Closer Look at Giant Cell Arteritis

At last year’s American College of Rheumatology Annual Meeting, preliminary results of the GiACTA study made a splash among clinicians who deal with giant cell arteritis. The findings offered tangible hope that tocilizumab might be the next step in GCA therapy that rheumatologists have been looking for since prednisone hit the market some 70 years ago.

“We have not identified an effective steroid-sparing medication since prednisone became the standard of therapy in the 1950s,” Kenneth J. Warrington, MD, professor of Medicine and chair of the Division of Rheumatology at the Mayo Clinic in Rochester, Minn., told Healio Rheumatology in an interview. “There have been so many drugs investigated but none were of significant benefit.”
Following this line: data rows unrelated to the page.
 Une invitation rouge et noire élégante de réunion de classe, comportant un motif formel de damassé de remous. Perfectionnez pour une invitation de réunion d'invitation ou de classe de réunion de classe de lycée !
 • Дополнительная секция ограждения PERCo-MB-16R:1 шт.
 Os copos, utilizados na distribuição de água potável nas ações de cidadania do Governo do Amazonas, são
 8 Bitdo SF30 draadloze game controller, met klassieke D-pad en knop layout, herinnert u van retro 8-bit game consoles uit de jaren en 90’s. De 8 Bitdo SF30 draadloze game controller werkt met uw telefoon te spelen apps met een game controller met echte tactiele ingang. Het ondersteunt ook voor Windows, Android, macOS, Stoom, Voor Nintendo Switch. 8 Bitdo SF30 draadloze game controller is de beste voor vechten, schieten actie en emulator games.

Although the full data set has yet to emerge, there has been enough optimism that other trials of tocilizumab (Actemra/RoActemra, Roche) are underway.

Measuring Advances

A useful way of measuring advances in giant cell arteritis (GCA) was proposed by Peter Grayson, MD, head of the Vasculitis Translational Research Program at the NIH. He suggested that treatment advances in GCA lags years, if not decades, behind the advancements in other forms of vasculitis, particularly small vessel vasculitides.

Gary S. Hoffman, MD, MS, MACR, professor emeritus in the Department of Rheumatic and Immunologic Diseases and founder of the Center for Vasculitis Care and Research at the Cleveland Clinic/Lerner College of Medicine, weighed in. “That is a complex question,” he said. “GCA is a simpler disease than most small vessel vasculitides (SVV), eg, [granulomatosis with polyangiitis] GPA, [Fmicroscopic polyangiitis] MPA, [eosinophilic granulomatosis with polyangiitis] EGPA or Churg Strauss. GCA almost exclusively targets vessels, and the others target tissue parenchyma and vessels.”
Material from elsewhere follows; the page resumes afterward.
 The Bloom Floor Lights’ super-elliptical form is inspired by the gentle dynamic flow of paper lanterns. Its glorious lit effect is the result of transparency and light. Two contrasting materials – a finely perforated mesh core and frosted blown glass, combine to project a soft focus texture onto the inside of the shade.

According to Hoffman, important strides have been made in all types of vasculitides in recent years.

“The prognosis for GCA is better than for most examples of SVV because deaths from GCA usually do not occur apart from those cases complicated by aortic aneurysms that may dissect or rupture,” he said. “If not diagnosed or properly treated, GPA and MPA are often fatal conditions, but that has changed with better treatment for those diseases.”

For Warrington, there are practical considerations.

“GCA is more common, which means that larger trials can be conducted,” he said. “On the other hand, when one considers the move to biologic therapies, it was done earlier in small vessel vasculitis.”

Warrington said the search for immunosuppressive agents to supplement steroids has moved slower in GCA.

“The good news is that in GCA, we are on the cusp of having biologic therapies available,” he said. “Some folks hypothesized that infliximab or adalimumab would work, but in clinical trials of those drugs with GCA, [these] failed to show significant benefit. Efforts have been made with methotrexate, but there has not been evidence of significant efficacy until tocilizumab.”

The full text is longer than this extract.